| ASSIGNED TASK |
From the entries below, print exactly the span beginning with the line holding "Medikations- und Einnahmeplan: Medikamente" and ending with the line holding "Gemstones: Rose Quartz, Amethyst, Aquamarine", endpoints included, and skip any pictures.

| DATA EXCERPTS |
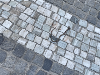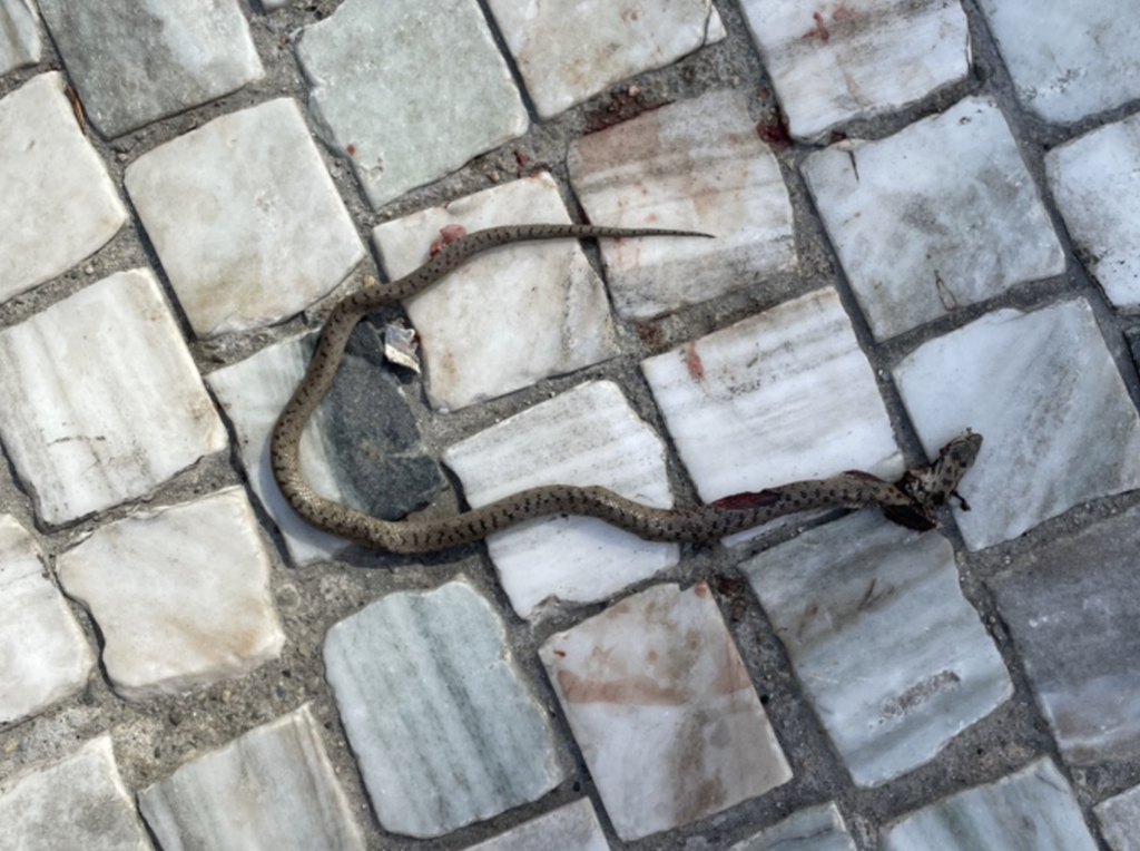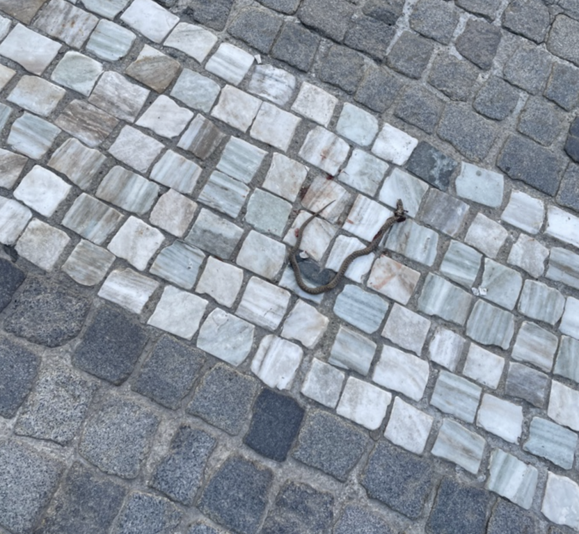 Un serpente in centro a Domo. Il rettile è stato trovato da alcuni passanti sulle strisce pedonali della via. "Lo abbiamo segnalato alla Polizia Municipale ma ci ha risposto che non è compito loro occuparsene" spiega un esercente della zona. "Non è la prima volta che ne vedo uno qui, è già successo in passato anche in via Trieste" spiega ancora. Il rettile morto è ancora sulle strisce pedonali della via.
* * *
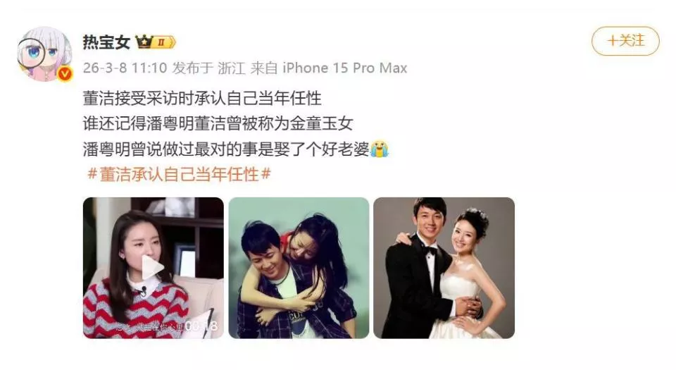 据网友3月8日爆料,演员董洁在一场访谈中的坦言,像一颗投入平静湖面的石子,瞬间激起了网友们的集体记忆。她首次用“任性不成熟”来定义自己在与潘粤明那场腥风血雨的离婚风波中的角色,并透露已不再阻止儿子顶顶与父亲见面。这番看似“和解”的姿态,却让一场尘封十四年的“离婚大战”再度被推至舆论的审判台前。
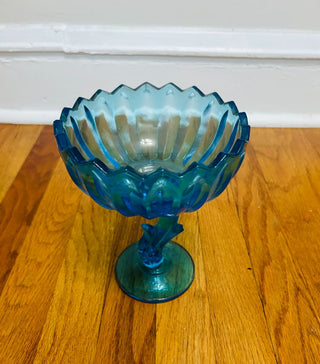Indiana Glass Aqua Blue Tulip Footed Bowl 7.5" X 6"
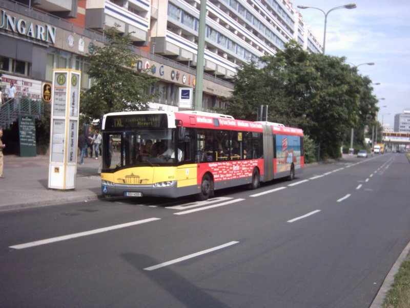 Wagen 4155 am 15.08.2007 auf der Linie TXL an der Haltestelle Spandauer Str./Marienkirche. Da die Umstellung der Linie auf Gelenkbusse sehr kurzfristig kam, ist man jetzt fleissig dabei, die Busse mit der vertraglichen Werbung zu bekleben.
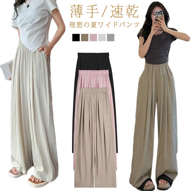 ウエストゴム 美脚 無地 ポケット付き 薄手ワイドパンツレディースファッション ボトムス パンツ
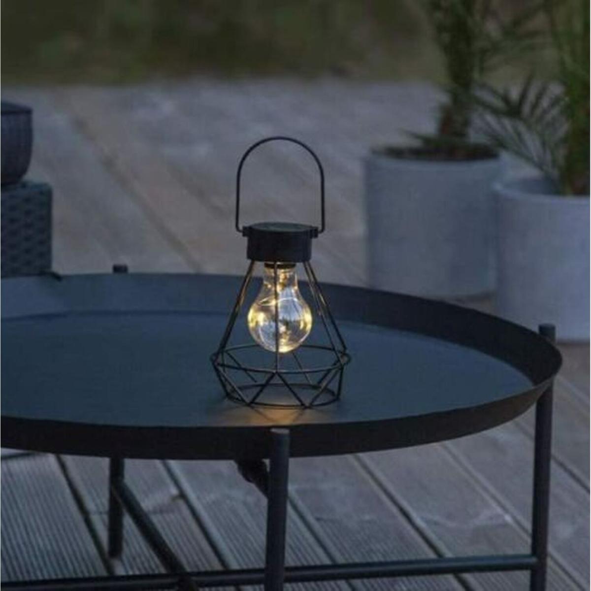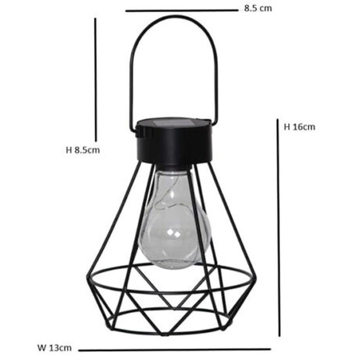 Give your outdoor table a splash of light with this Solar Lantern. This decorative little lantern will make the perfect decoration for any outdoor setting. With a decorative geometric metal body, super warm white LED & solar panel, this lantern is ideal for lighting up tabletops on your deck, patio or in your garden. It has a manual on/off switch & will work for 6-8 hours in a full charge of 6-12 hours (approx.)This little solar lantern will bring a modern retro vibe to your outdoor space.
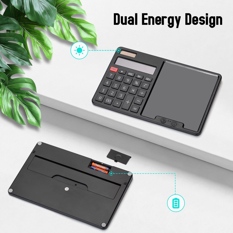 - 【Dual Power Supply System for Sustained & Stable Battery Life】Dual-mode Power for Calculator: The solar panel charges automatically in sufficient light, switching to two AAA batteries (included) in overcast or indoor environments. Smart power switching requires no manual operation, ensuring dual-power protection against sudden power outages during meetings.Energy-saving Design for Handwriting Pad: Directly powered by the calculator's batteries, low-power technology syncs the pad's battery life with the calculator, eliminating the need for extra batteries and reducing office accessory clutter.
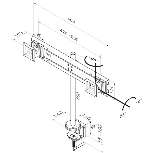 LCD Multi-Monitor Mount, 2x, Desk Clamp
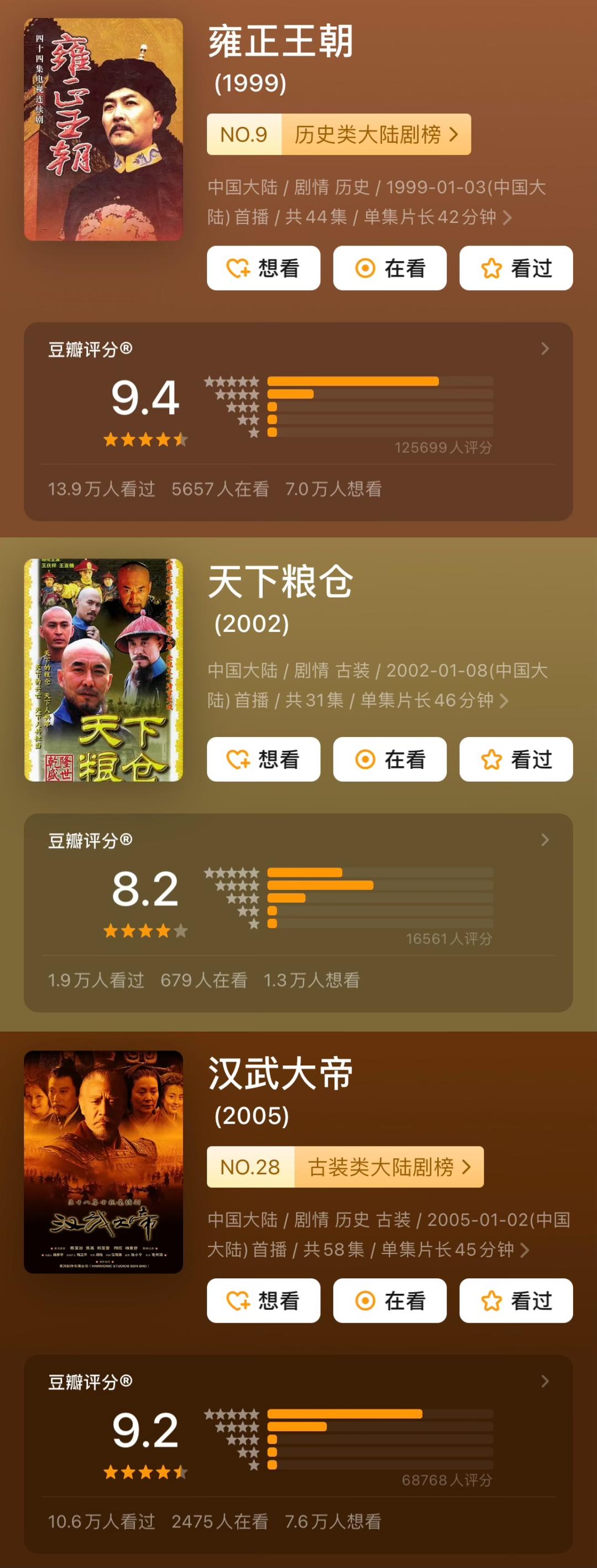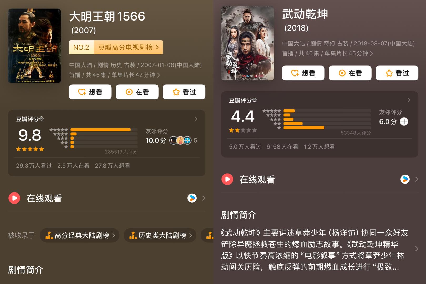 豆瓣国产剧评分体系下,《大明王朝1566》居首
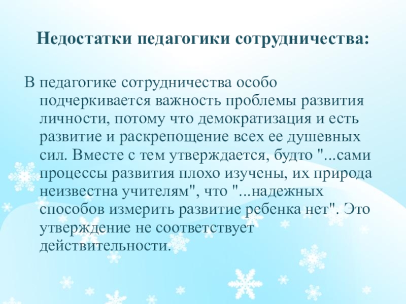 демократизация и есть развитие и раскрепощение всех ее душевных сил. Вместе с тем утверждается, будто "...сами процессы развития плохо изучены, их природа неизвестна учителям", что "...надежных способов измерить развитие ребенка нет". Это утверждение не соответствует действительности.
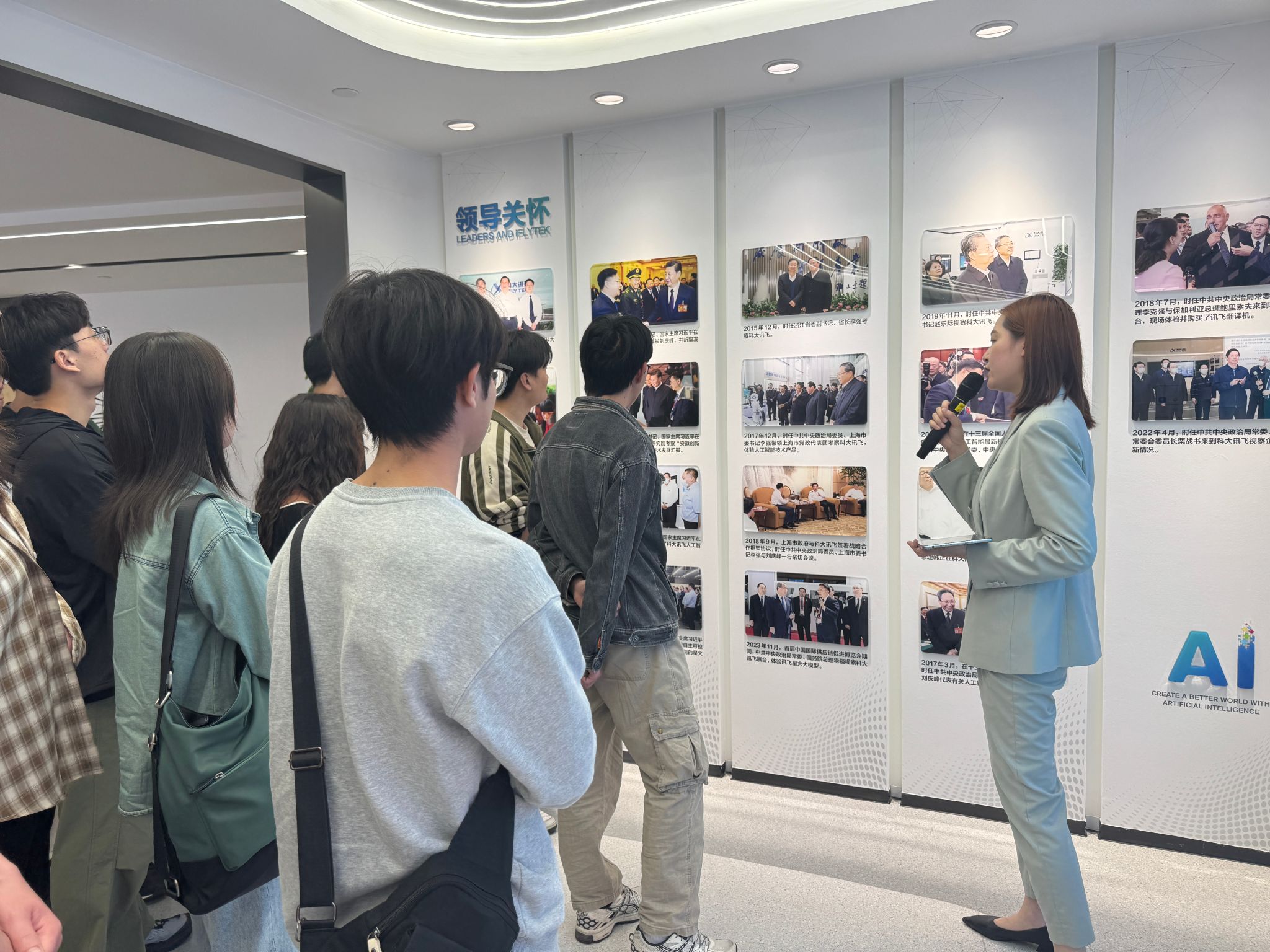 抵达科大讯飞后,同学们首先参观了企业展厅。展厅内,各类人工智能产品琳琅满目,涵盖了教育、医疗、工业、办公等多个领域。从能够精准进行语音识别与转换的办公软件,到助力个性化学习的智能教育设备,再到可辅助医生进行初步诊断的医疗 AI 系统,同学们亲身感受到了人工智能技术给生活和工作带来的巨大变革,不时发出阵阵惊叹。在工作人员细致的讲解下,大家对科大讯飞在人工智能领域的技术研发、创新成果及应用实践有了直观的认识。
==
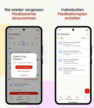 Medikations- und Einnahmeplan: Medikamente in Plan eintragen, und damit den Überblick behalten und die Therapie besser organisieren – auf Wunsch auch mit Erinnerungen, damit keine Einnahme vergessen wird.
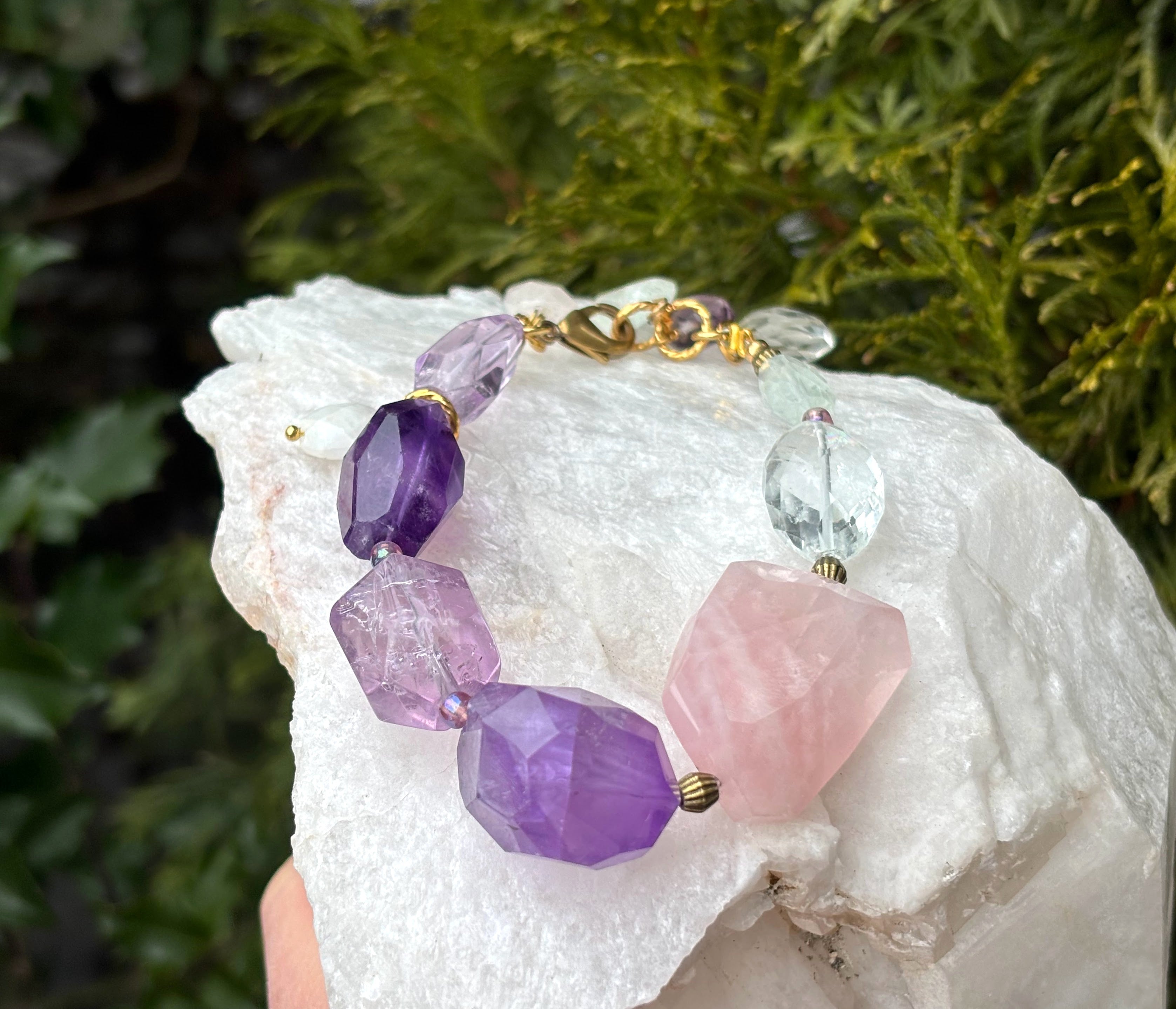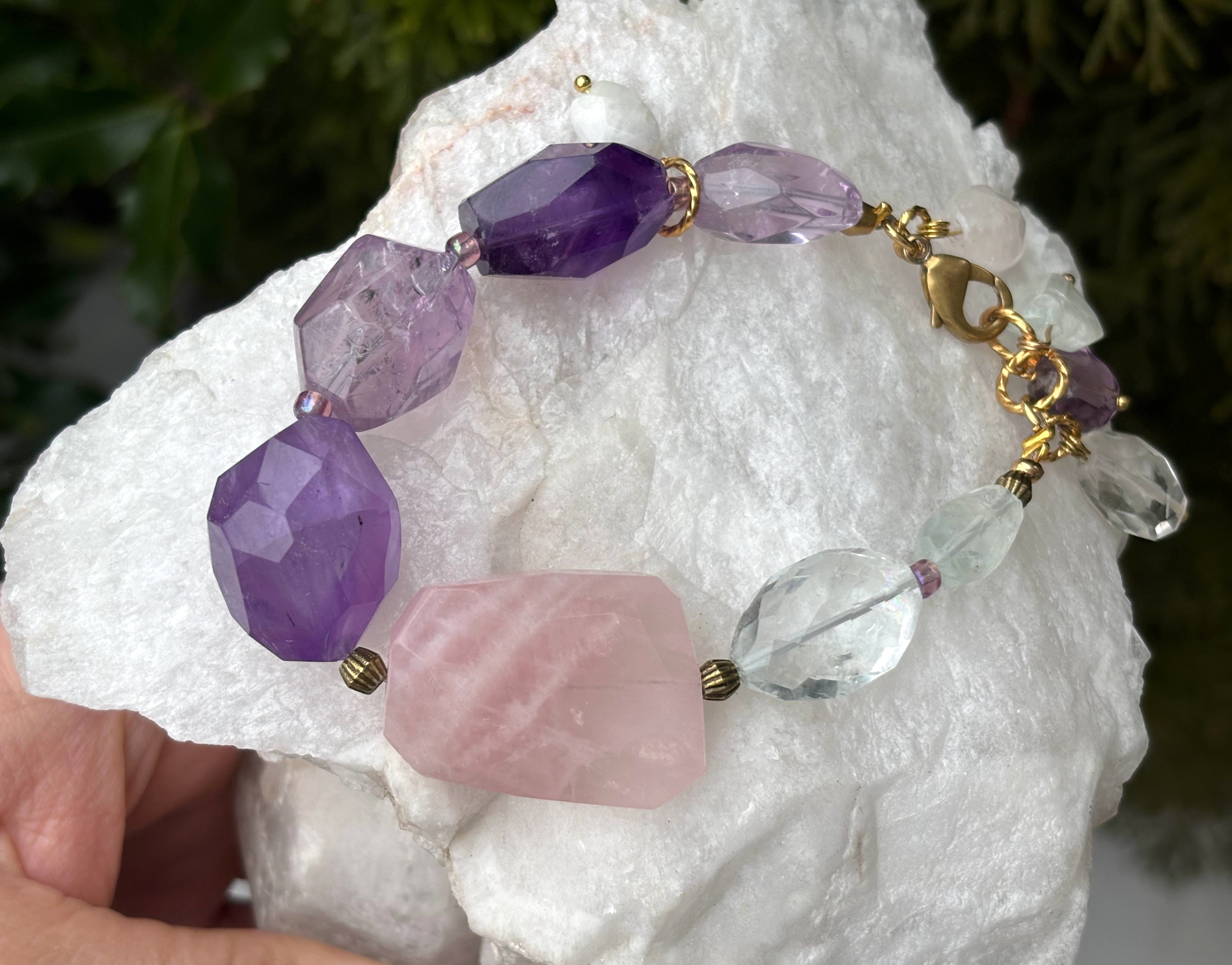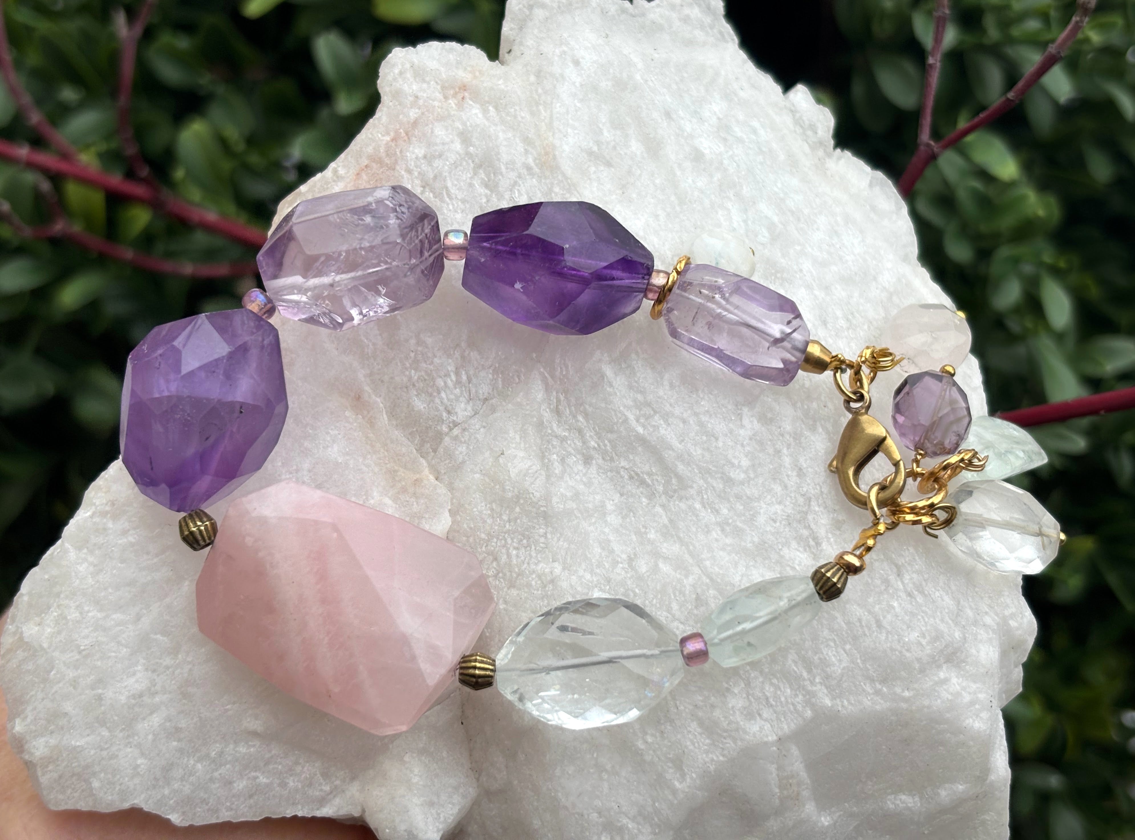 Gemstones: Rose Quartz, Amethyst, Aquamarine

| SOLUTION TO THIS EXERCISE |
 Medikations- und Einnahmeplan: Medikamente in Plan eintragen, und damit den Überblick behalten und die Therapie besser organisieren – auf Wunsch auch mit Erinnerungen, damit keine Einnahme vergessen wird.
 Gemstones: Rose Quartz, Amethyst, Aquamarine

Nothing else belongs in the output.